Data block
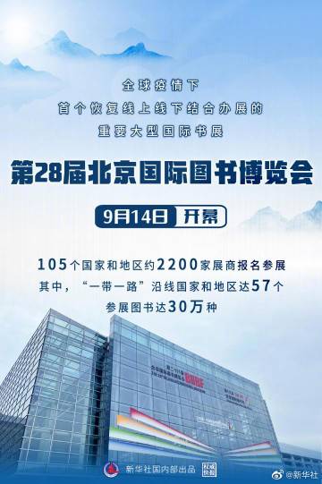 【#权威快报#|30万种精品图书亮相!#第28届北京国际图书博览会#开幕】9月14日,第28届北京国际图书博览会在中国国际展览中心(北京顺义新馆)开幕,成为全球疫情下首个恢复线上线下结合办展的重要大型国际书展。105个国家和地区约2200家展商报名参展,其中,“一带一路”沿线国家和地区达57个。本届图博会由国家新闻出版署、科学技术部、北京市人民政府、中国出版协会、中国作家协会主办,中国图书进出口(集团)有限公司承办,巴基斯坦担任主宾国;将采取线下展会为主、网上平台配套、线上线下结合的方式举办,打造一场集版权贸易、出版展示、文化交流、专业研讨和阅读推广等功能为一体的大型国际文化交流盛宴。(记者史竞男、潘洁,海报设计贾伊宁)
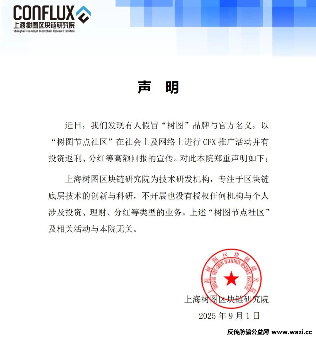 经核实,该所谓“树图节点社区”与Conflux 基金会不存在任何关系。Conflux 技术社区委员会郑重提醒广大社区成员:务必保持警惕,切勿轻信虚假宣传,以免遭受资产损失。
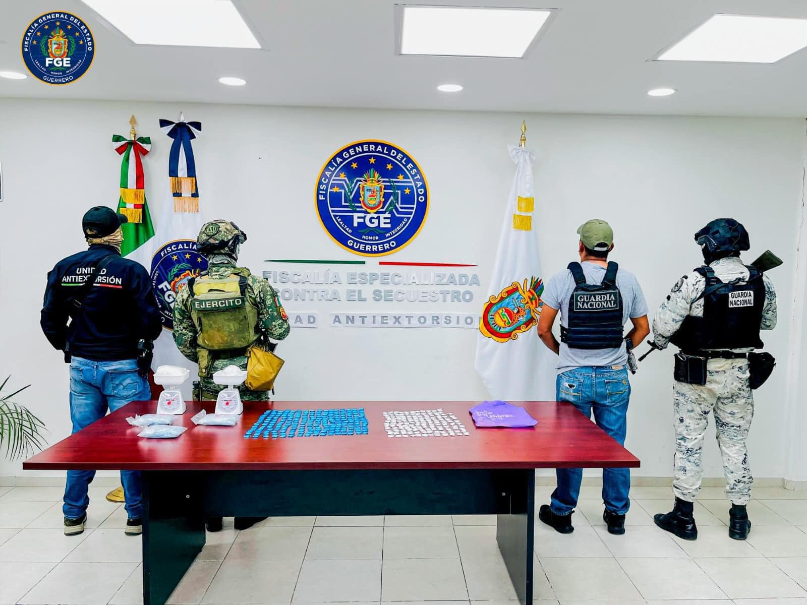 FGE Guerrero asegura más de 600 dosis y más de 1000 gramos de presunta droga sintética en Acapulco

Exercise directions
Would you transcribe the listing above line by line, exactly, leaving every picture out?

Exercise solution
 【#权威快报#|30万种精品图书亮相!#第28届北京国际图书博览会#开幕】9月14日,第28届北京国际图书博览会在中国国际展览中心(北京顺义新馆)开幕,成为全球疫情下首个恢复线上线下结合办展的重要大型国际书展。105个国家和地区约2200家展商报名参展,其中,“一带一路”沿线国家和地区达57个。本届图博会由国家新闻出版署、科学技术部、北京市人民政府、中国出版协会、中国作家协会主办,中国图书进出口(集团)有限公司承办,巴基斯坦担任主宾国;将采取线下展会为主、网上平台配套、线上线下结合的方式举办,打造一场集版权贸易、出版展示、文化交流、专业研讨和阅读推广等功能为一体的大型国际文化交流盛宴。(记者史竞男、潘洁,海报设计贾伊宁)
 经核实,该所谓“树图节点社区”与Conflux 基金会不存在任何关系。Conflux 技术社区委员会郑重提醒广大社区成员:务必保持警惕,切勿轻信虚假宣传,以免遭受资产损失。
 FGE Guerrero asegura más de 600 dosis y más de 1000 gramos de presunta droga sintética en Acapulco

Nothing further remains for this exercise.